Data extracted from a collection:
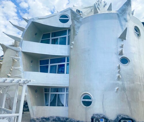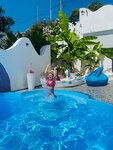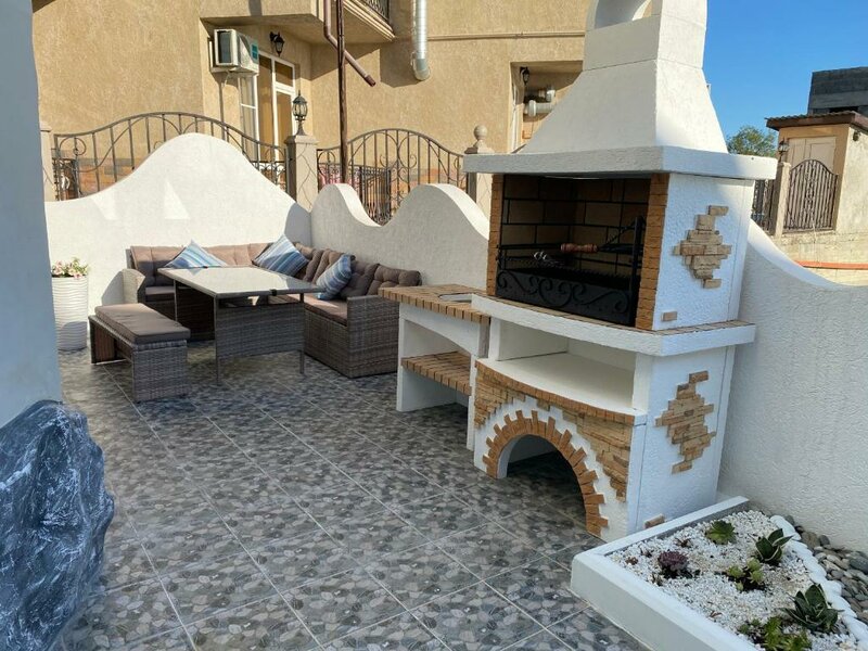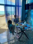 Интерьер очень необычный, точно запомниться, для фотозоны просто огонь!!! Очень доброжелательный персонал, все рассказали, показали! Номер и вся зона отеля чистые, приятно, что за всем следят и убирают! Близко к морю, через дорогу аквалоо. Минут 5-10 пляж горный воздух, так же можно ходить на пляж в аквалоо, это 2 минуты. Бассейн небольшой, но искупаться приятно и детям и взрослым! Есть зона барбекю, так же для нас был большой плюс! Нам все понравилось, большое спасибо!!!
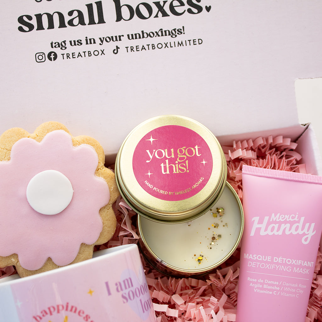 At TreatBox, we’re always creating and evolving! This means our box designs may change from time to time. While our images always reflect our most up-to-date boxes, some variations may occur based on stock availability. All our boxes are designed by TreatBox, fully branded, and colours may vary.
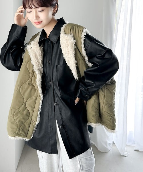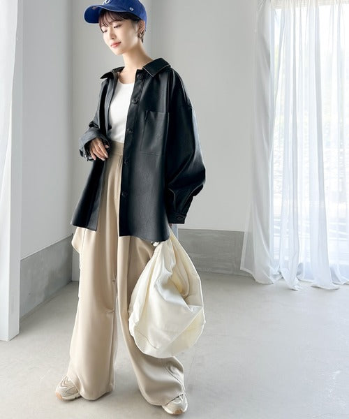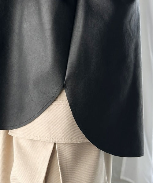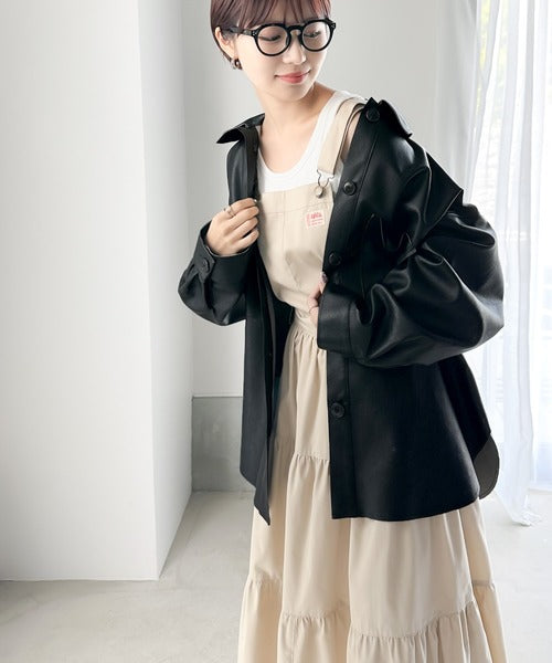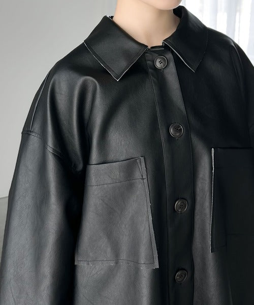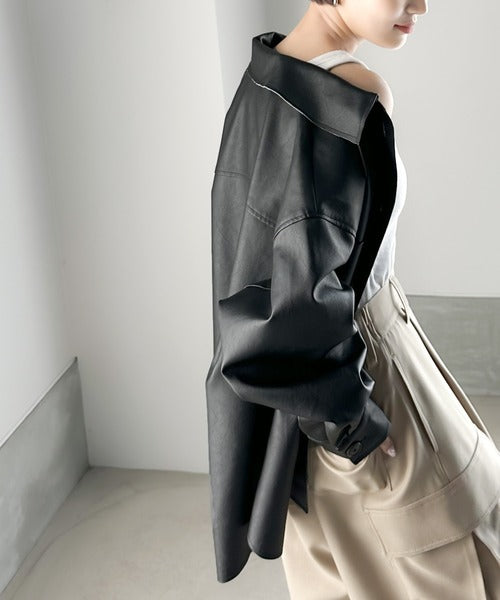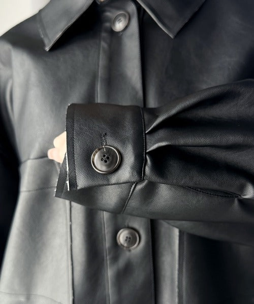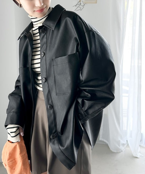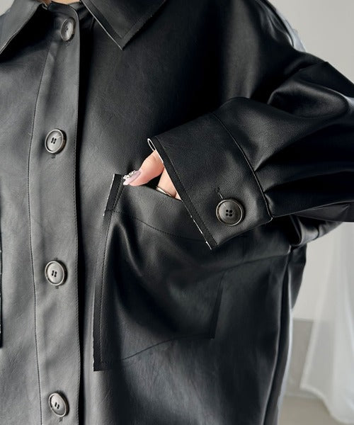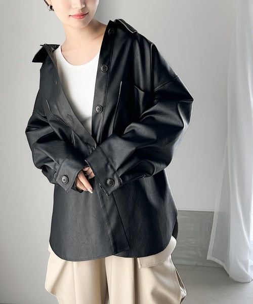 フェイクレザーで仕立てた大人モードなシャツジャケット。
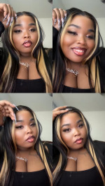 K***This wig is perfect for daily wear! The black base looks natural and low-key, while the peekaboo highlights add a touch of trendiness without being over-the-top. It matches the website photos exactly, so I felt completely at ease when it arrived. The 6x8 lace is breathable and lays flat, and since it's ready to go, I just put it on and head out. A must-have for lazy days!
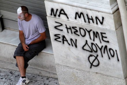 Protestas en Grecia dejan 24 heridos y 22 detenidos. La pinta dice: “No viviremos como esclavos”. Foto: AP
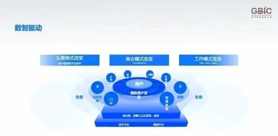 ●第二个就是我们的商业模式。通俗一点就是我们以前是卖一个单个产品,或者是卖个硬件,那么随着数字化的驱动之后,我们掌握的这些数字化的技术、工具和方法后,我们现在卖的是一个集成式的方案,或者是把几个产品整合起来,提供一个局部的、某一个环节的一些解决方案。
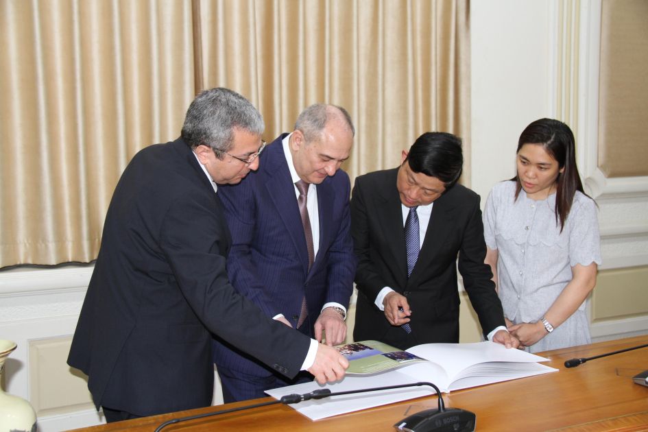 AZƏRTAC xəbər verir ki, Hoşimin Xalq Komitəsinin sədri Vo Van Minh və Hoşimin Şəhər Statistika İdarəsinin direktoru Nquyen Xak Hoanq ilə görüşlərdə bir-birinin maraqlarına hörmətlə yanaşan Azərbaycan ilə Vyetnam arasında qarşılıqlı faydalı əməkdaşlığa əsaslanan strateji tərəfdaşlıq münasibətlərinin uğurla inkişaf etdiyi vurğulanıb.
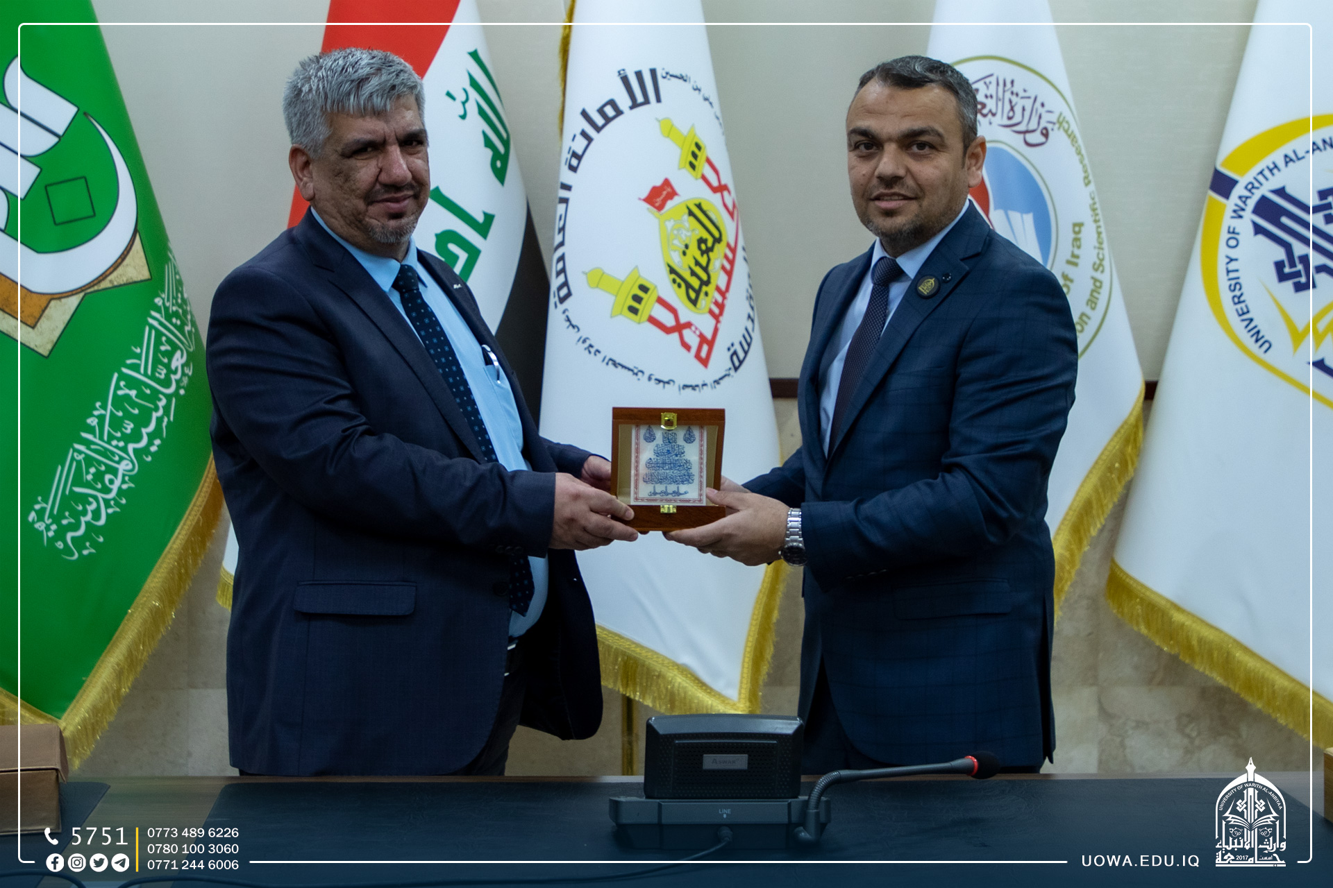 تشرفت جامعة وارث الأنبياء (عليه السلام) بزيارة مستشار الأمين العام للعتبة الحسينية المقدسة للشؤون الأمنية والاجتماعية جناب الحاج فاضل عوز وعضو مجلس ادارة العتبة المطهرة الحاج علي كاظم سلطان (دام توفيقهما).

* Exercise description *
Your job is to repeat every entry exactly, keeping all pictures out of the copy.

* Output of the exercise *
 Интерьер очень необычный, точно запомниться, для фотозоны просто огонь!!! Очень доброжелательный персонал, все рассказали, показали! Номер и вся зона отеля чистые, приятно, что за всем следят и убирают! Близко к морю, через дорогу аквалоо. Минут 5-10 пляж горный воздух, так же можно ходить на пляж в аквалоо, это 2 минуты. Бассейн небольшой, но искупаться приятно и детям и взрослым! Есть зона барбекю, так же для нас был большой плюс! Нам все понравилось, большое спасибо!!!
 At TreatBox, we’re always creating and evolving! This means our box designs may change from time to time. While our images always reflect our most up-to-date boxes, some variations may occur based on stock availability. All our boxes are designed by TreatBox, fully branded, and colours may vary.
 フェイクレザーで仕立てた大人モードなシャツジャケット。
 K***This wig is perfect for daily wear! The black base looks natural and low-key, while the peekaboo highlights add a touch of trendiness without being over-the-top. It matches the website photos exactly, so I felt completely at ease when it arrived. The 6x8 lace is breathable and lays flat, and since it's ready to go, I just put it on and head out. A must-have for lazy days!
 Protestas en Grecia dejan 24 heridos y 22 detenidos. La pinta dice: “No viviremos como esclavos”. Foto: AP
 ●第二个就是我们的商业模式。通俗一点就是我们以前是卖一个单个产品,或者是卖个硬件,那么随着数字化的驱动之后,我们掌握的这些数字化的技术、工具和方法后,我们现在卖的是一个集成式的方案,或者是把几个产品整合起来,提供一个局部的、某一个环节的一些解决方案。
 AZƏRTAC xəbər verir ki, Hoşimin Xalq Komitəsinin sədri Vo Van Minh və Hoşimin Şəhər Statistika İdarəsinin direktoru Nquyen Xak Hoanq ilə görüşlərdə bir-birinin maraqlarına hörmətlə yanaşan Azərbaycan ilə Vyetnam arasında qarşılıqlı faydalı əməkdaşlığa əsaslanan strateji tərəfdaşlıq münasibətlərinin uğurla inkişaf etdiyi vurğulanıb.
 تشرفت جامعة وارث الأنبياء (عليه السلام) بزيارة مستشار الأمين العام للعتبة الحسينية المقدسة للشؤون الأمنية والاجتماعية جناب الحاج فاضل عوز وعضو مجلس ادارة العتبة المطهرة الحاج علي كاظم سلطان (دام توفيقهما).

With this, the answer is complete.